• Brief: Output only the lines that run from the line holding "Пропан ( над" to the end of the entries, both ends included, and skip the pictures.

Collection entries
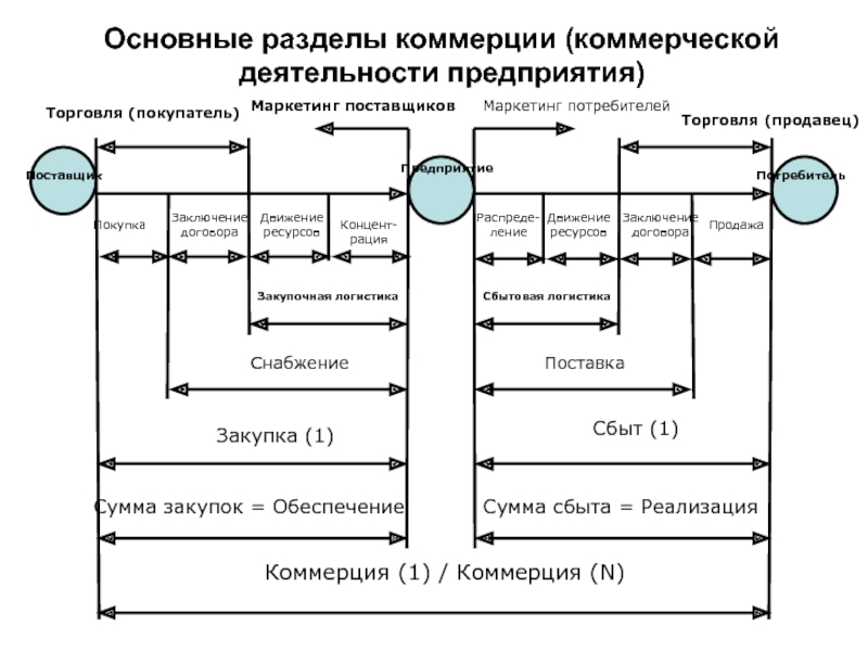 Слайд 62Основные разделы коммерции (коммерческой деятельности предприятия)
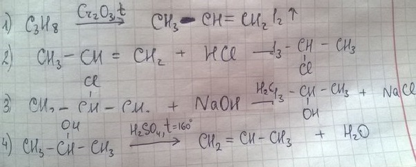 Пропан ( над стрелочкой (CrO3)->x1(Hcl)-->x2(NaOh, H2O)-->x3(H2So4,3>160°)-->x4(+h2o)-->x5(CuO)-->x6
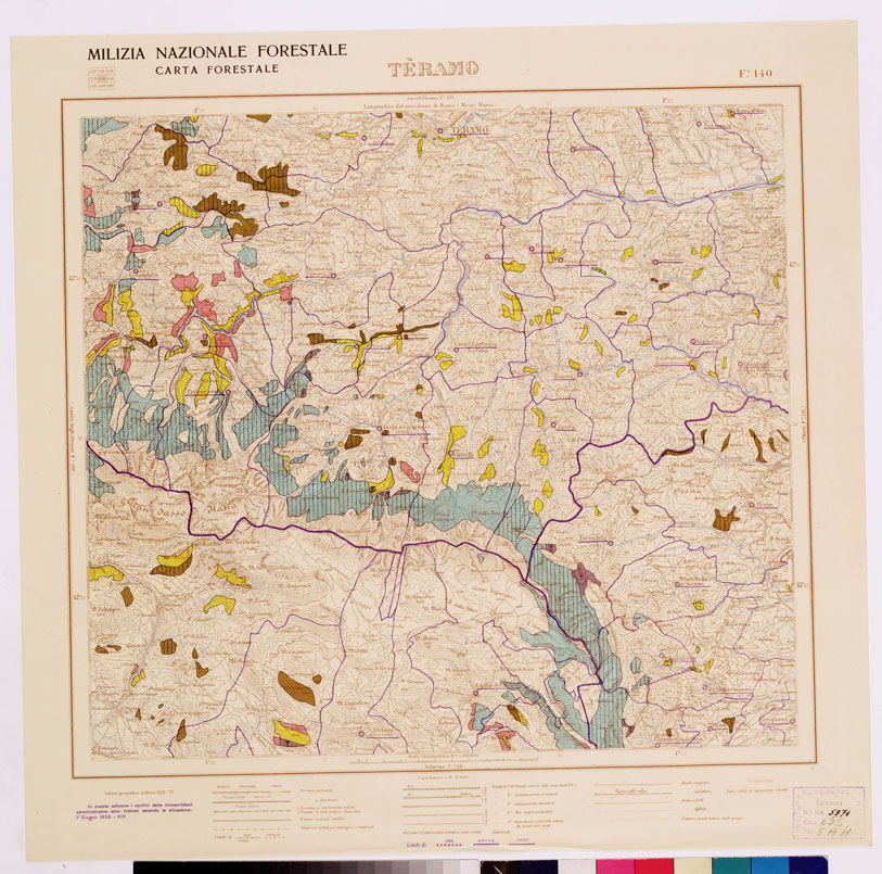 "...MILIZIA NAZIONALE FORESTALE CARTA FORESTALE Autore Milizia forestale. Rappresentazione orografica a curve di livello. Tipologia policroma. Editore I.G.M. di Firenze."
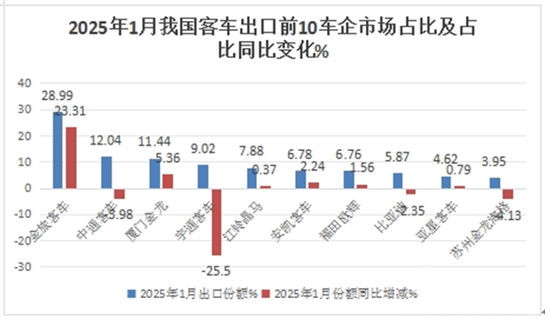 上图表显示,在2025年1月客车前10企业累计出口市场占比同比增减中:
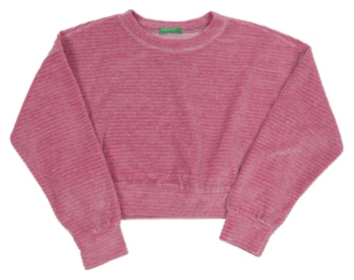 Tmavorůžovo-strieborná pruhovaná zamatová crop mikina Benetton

• Result of this exercise:
 Пропан ( над стрелочкой (CrO3)->x1(Hcl)-->x2(NaOh, H2O)-->x3(H2So4,3>160°)-->x4(+h2o)-->x5(CuO)-->x6
 "...MILIZIA NAZIONALE FORESTALE CARTA FORESTALE Autore Milizia forestale. Rappresentazione orografica a curve di livello. Tipologia policroma. Editore I.G.M. di Firenze."
 上图表显示,在2025年1月客车前10企业累计出口市场占比同比增减中:
 Tmavorůžovo-strieborná pruhovaná zamatová crop mikina Benetton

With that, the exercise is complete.